CE begins In Media Res, and we learn things as the Chief does. So, what do we learn? We're on a human warship, being pursued by hostile aliens we're at war with (and the war seems to be going badly). You control a Cyborg Super-Soldier called the Master Chief and your mission is to protect Cortana, the POA's AI because she has knowledge of Earth's location, which we don't want the Covenant to know about. We leave the ship in an escape pod crash-land onto an artificial ring-world. So far, so good! We learn that the ringworld as an Earth-like environment, and its monolithic structures appear to be deserted. When we rescue Captain Keyes from the Truth and Reconciliation, we discover that the Covenant call the Ring Halo and that they believe it to be a weapon. We also learnt that Covenant architecture tends to be smooth, round and bulbous. At the halfway point, we discover that the Ring is a containment facility for a dangerous parasitic organism called the Flood, which are capable of hijacking an intelligent lifeform's body, mutating them into a form that suits them and assimilating all their knowledge, such as how to use guns, or more importantly, how to operate and repair technology. We encounter Guilty Spark, who calls the Chief Reclaimer and for some reason, mistakes the Chief for the same man who activated the Ring one-hundred thousand years ago. We learn that the Chief is authorized to use the Index, the key to Halo's primary weapon. And we learn from Cortana that Halo is a great doomsday weapon that will annihilate all sentient life in the Galaxy. What else? From Guilty Spark, we learn that the Forerunners used Power Armor similar to the Chief's but called Combat Skins and they had a classification system for them.

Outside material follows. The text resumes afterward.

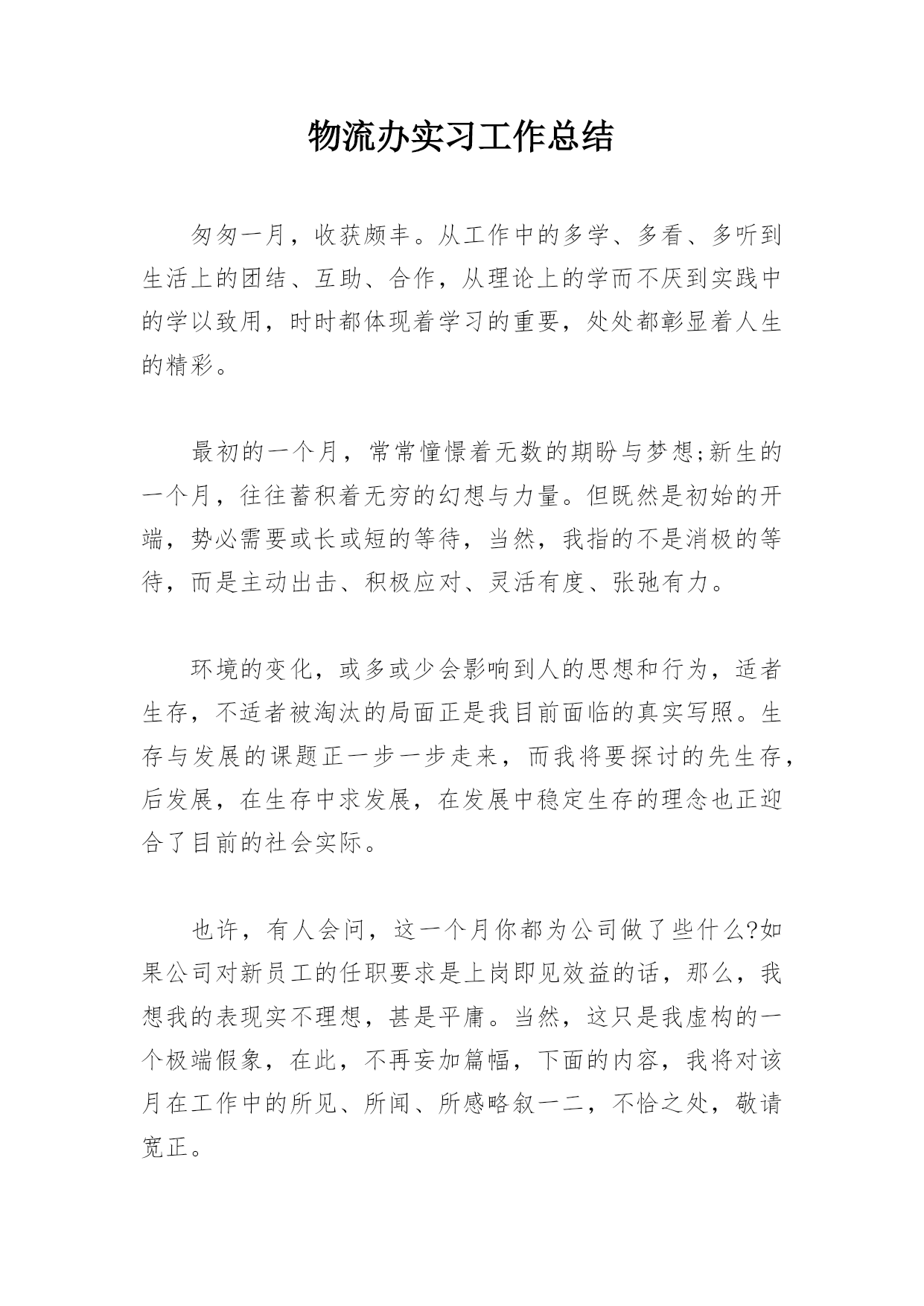 物流办实习工作总结匆匆一月,收获颇丰。从工作中的多学、多看、多听到生活上的团结、互助、合作,从理论上的学而不厌到实践中的学以致用,时时都体现着学习的重要,处处都彰显着人生的精彩。最初的一个月,常常憧憬着无数的期盼与梦想;新生的一个月,往往蓄积着无穷的幻想与力量。但既然是初始的开端,势必需要或长或短的等待,当然,我指的不是消极的等待,而是主动出击、积极应对、灵活有度、张弛有力。环境的变化,或多或少会影响到人的思想和行为,适者生存,不适者被淘汰的局面正是我目前面临的真实写照。生存与发展的课题正一步一步走来,而
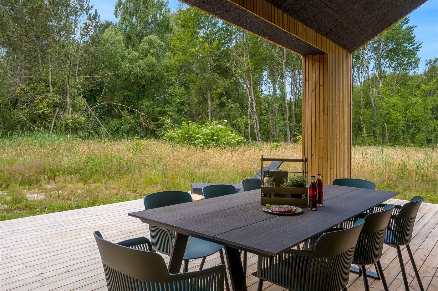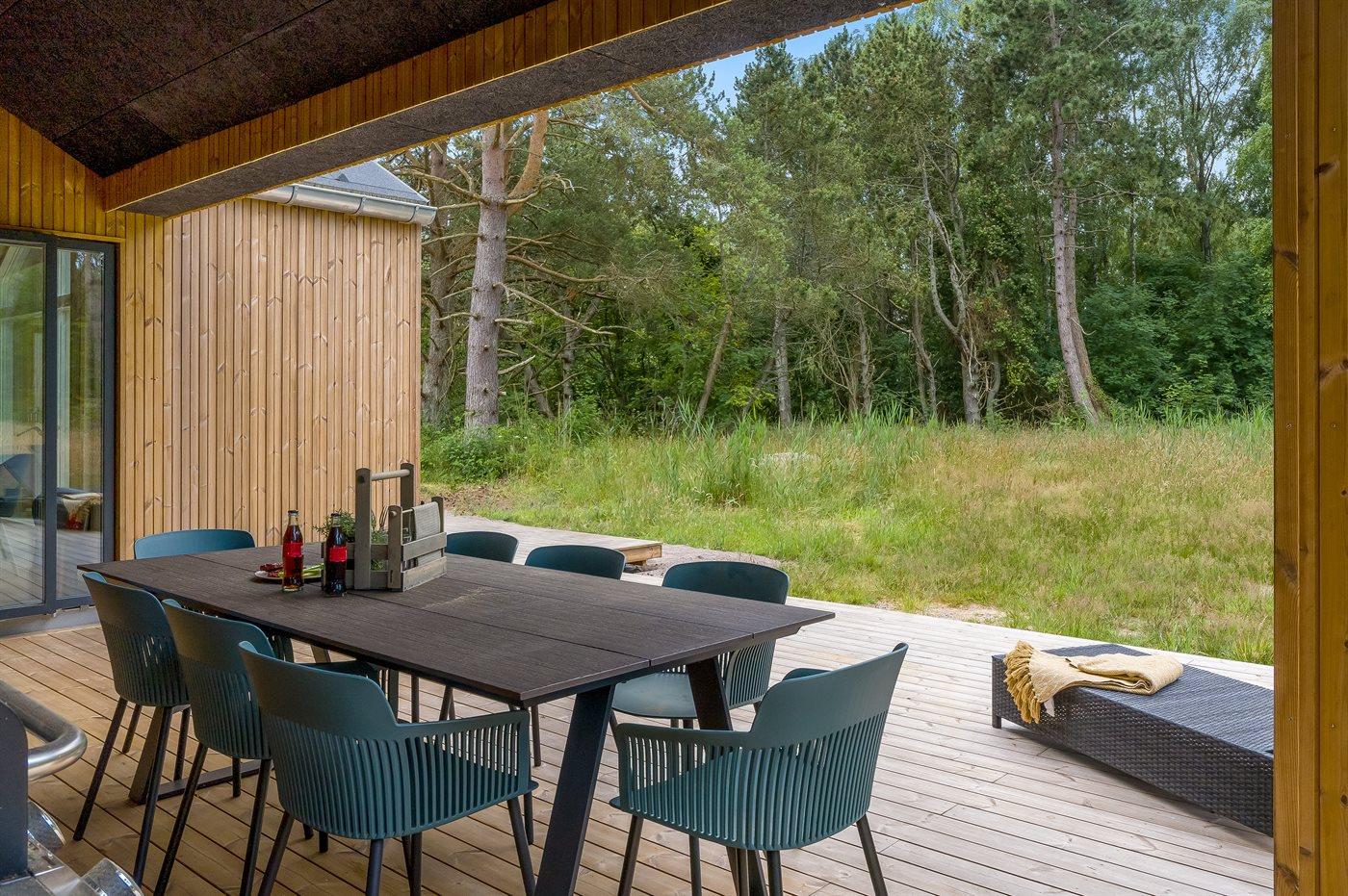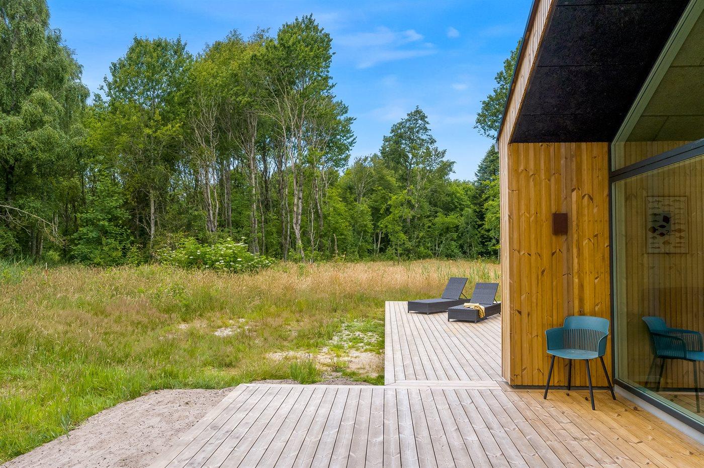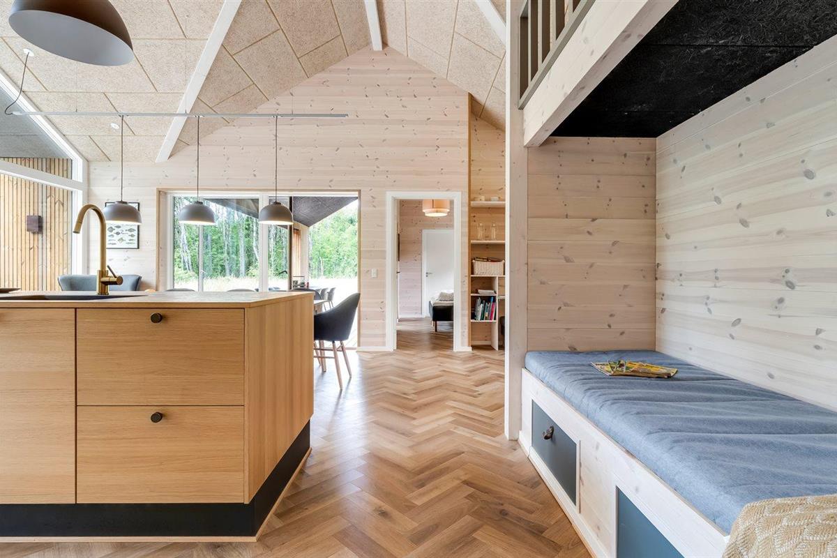 Modern vakantiehuis op Læsø met 3 slaapkamers, vlakbij zee en natuur, inclusief vloerverwarming en overdekt terras.

Halo CE explains a lot, it's just hidden in the details and easily missed if you don't pay attention.


Sakuran_11

Wym CE gives us everything, Ring go boom, We good, Covenant bad, Flood very very bad, I’d say thats peak


jabberwockxeno

To be clear i'm not saying CE is bad or anything for not explaining that stuff, the minimalism works within the context of the story it's trying to tell But it's just not correct to say it expands or develops the universe more then the other Halo games. It's telling a very tight, minimalist story that's not concerned with the wider universe outside of the reveal with the flood. There's nothing wrong with that, but we should be honest about what it actually did/is doing


Sakuran_11

I’m not either I was making a joke


KingofEcchi333

Halo 2. I don’t take anything after reach serious.